» **Data shown**
· · · · · · ·

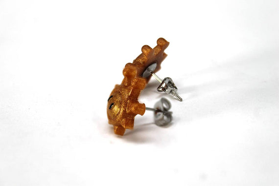Each of our earrings is hand crafted with quality and care as our main priority. They start out as hand sculpted models that are then molded and cast with a special crystal resin. Each one is cleaned and secured to hypoallergenic stainless steel studs using super strong adhesive, leaving the finish piece lightweight and durable!
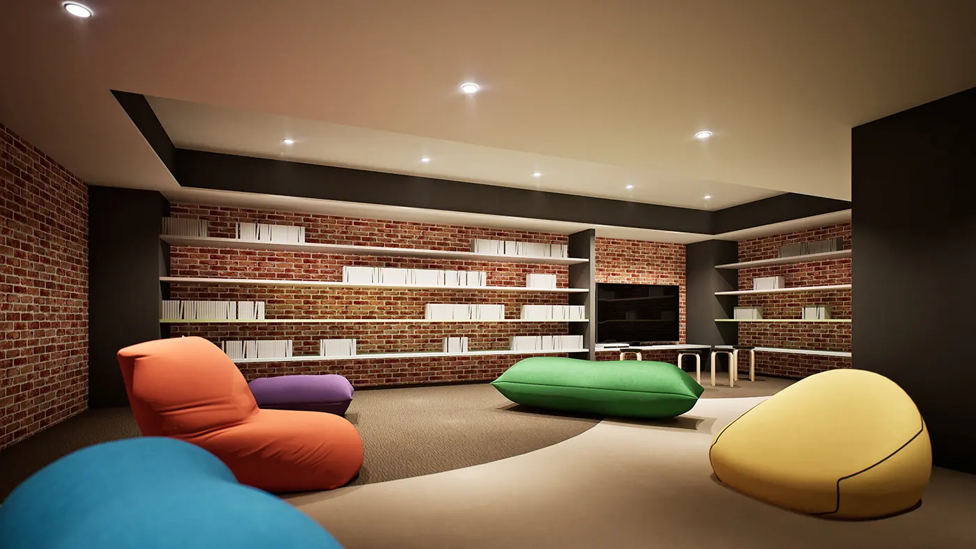 ここで過ごすことが目的になるような、遊び心のある共用スペースです。
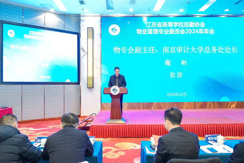“物专会”副主任、南京审计大学总务处处长谢刚代表“物专会”致辞,他回顾了专委会一年来取得的成绩,充分肯定全省各会员高校的所做的各项努力,并号召大家继续提高政治站位,不忘初心使命;搭建好协作平台,促进交流沟通;加强自身建设,提升能力水平。
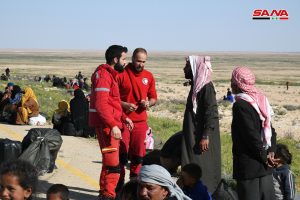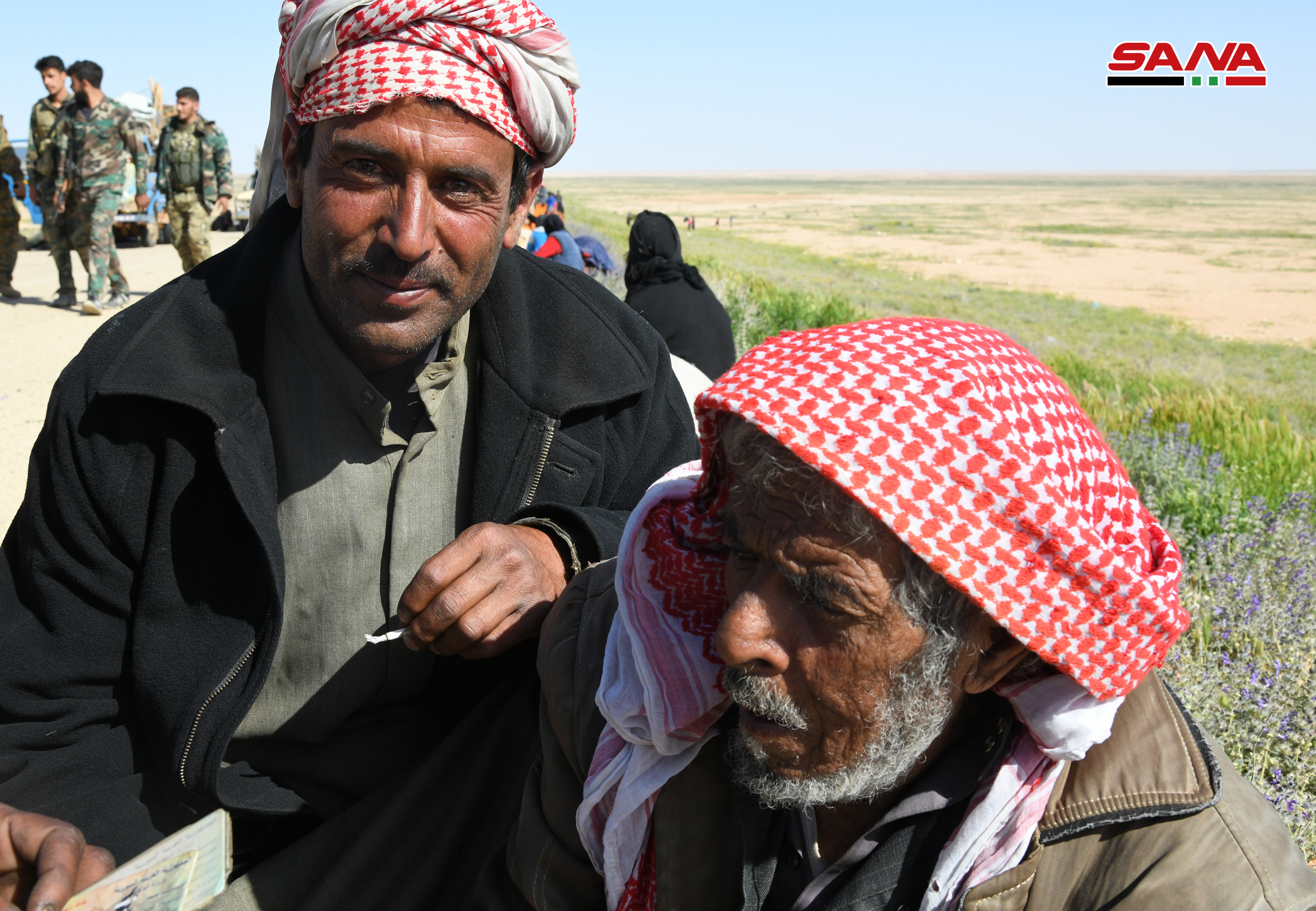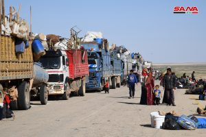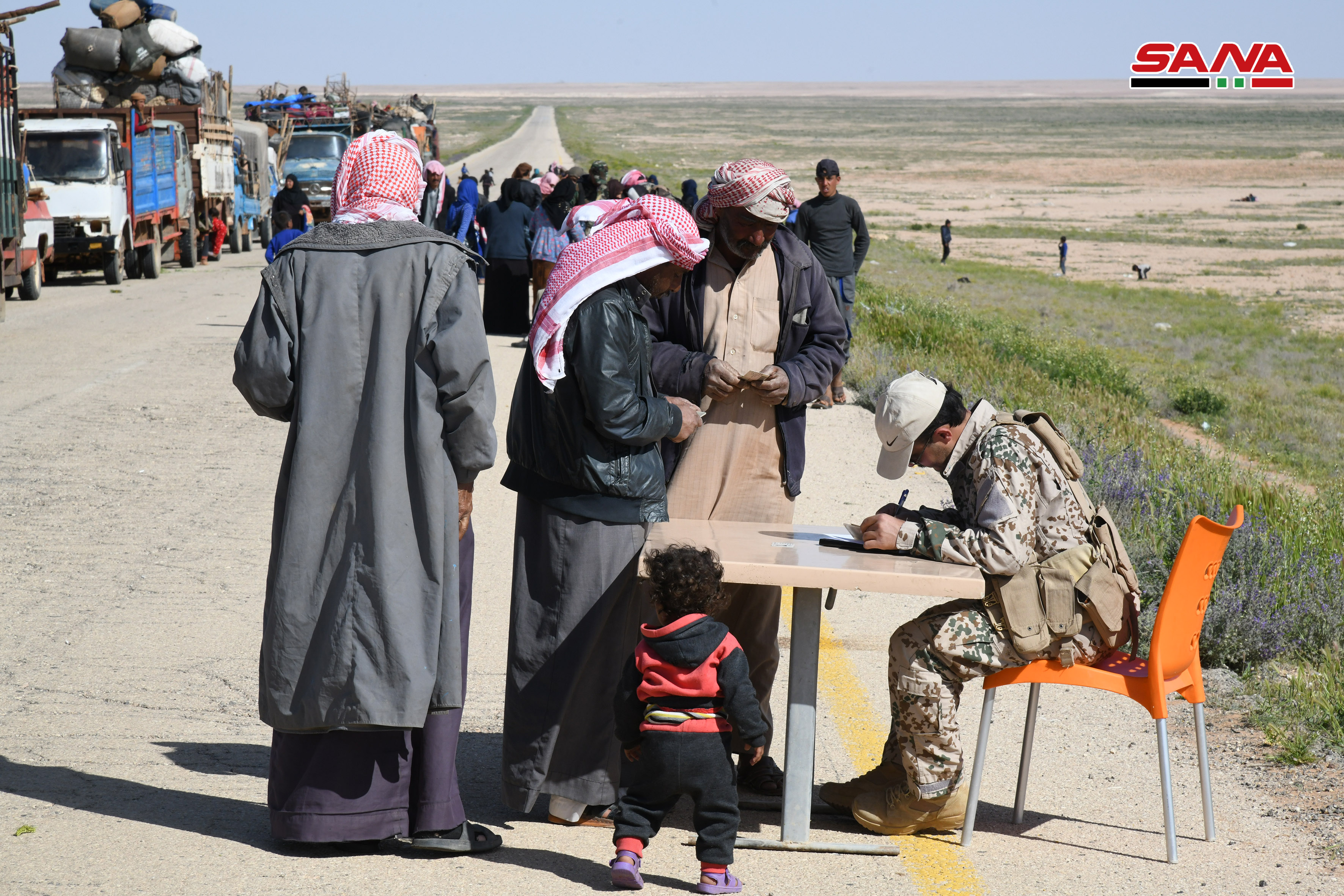 Nuevo grupo de familias desplazadas llegaron este sábado al corredor Jeleguem, establecido por las autoridades siria y rusas para recibir a los desplazados procedentes del campamento Rukban, ubicado en el triángulo fronterizo entre Siria, Jordania e Irak, y donde las tropas de ocupación estadounidenses y sus mercenarios terroristas retienen a miles de civiles.
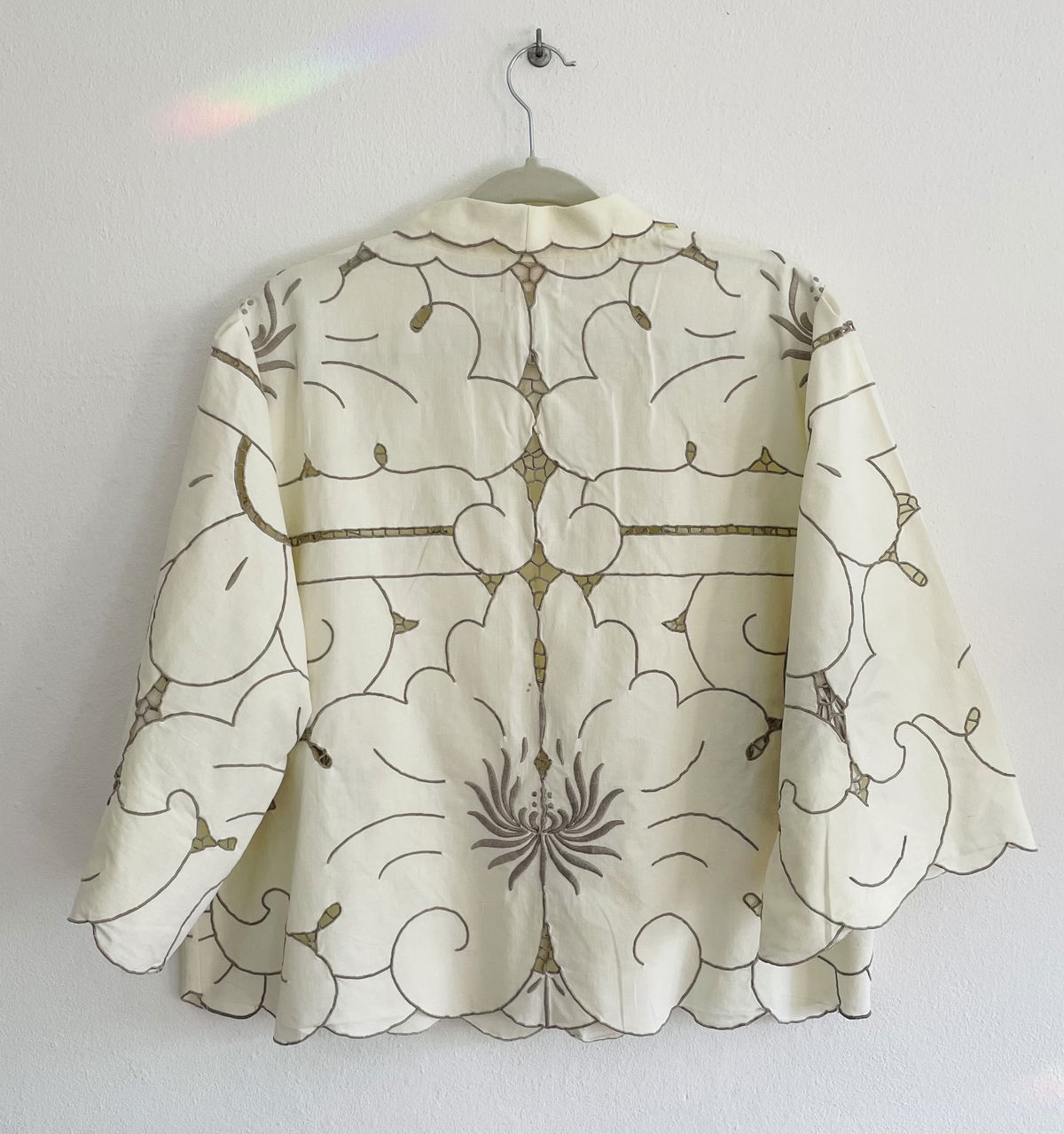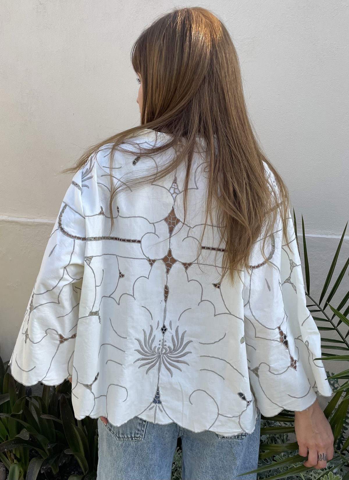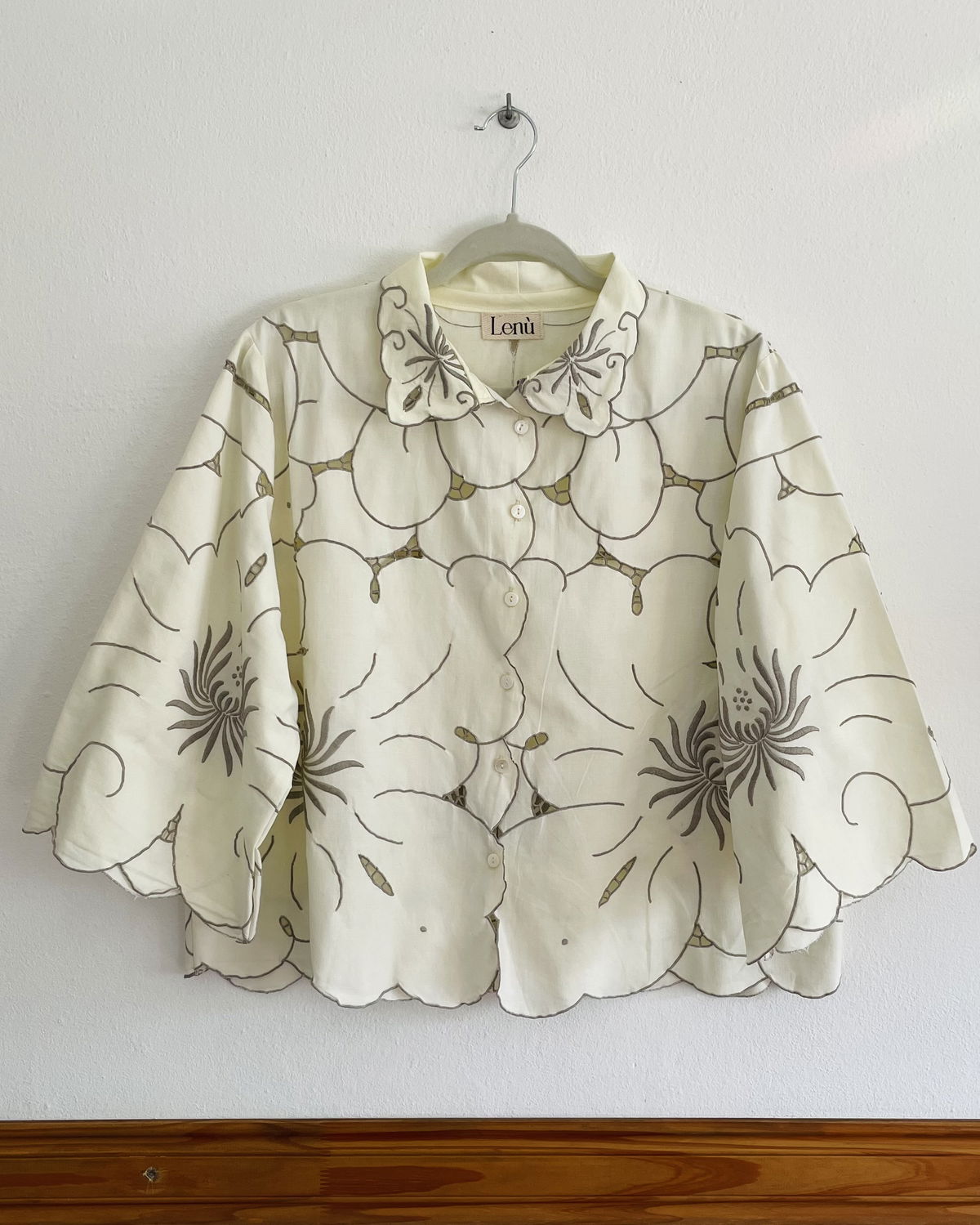 Camisa de algodón bordado y calado con cuello y mangas amplias.
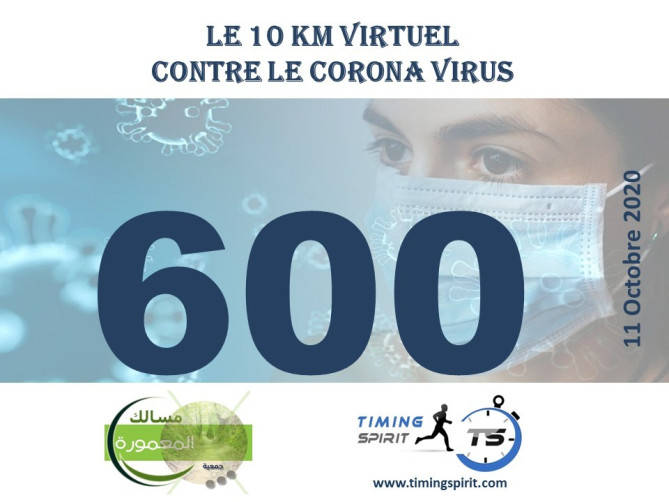 L'association Massalek Al Maamoura organise en partenariat avec Timing Spirit le 11 Octobre 2020 le 10KM Virtuel sous le slogan "Tous Unis Contre le Corona". Cette course a comme but de rester en forme en l'absence des compétitions. C'est l'occasion de nous sensibiliser tous pour vaincre ce virus tout en respectant les mesures sanitaires déployées par le ministère de la santé et en appliquant les procédures des autorités locales.

· · · · · · ·

» **What the task requires**
Give the records back verbatim, pictures excluded.

» **Reply to the task**
Each of our earrings is hand crafted with quality and care as our main priority. They start out as hand sculpted models that are then molded and cast with a special crystal resin. Each one is cleaned and secured to hypoallergenic stainless steel studs using super strong adhesive, leaving the finish piece lightweight and durable!
 ここで過ごすことが目的になるような、遊び心のある共用スペースです。
“物专会”副主任、南京审计大学总务处处长谢刚代表“物专会”致辞,他回顾了专委会一年来取得的成绩,充分肯定全省各会员高校的所做的各项努力,并号召大家继续提高政治站位,不忘初心使命;搭建好协作平台,促进交流沟通;加强自身建设,提升能力水平。
 Nuevo grupo de familias desplazadas llegaron este sábado al corredor Jeleguem, establecido por las autoridades siria y rusas para recibir a los desplazados procedentes del campamento Rukban, ubicado en el triángulo fronterizo entre Siria, Jordania e Irak, y donde las tropas de ocupación estadounidenses y sus mercenarios terroristas retienen a miles de civiles.
 Camisa de algodón bordado y calado con cuello y mangas amplias.
 L'association Massalek Al Maamoura organise en partenariat avec Timing Spirit le 11 Octobre 2020 le 10KM Virtuel sous le slogan "Tous Unis Contre le Corona". Cette course a comme but de rester en forme en l'absence des compétitions. C'est l'occasion de nous sensibiliser tous pour vaincre ce virus tout en respectant les mesures sanitaires déployées par le ministère de la santé et en appliquant les procédures des autorités locales.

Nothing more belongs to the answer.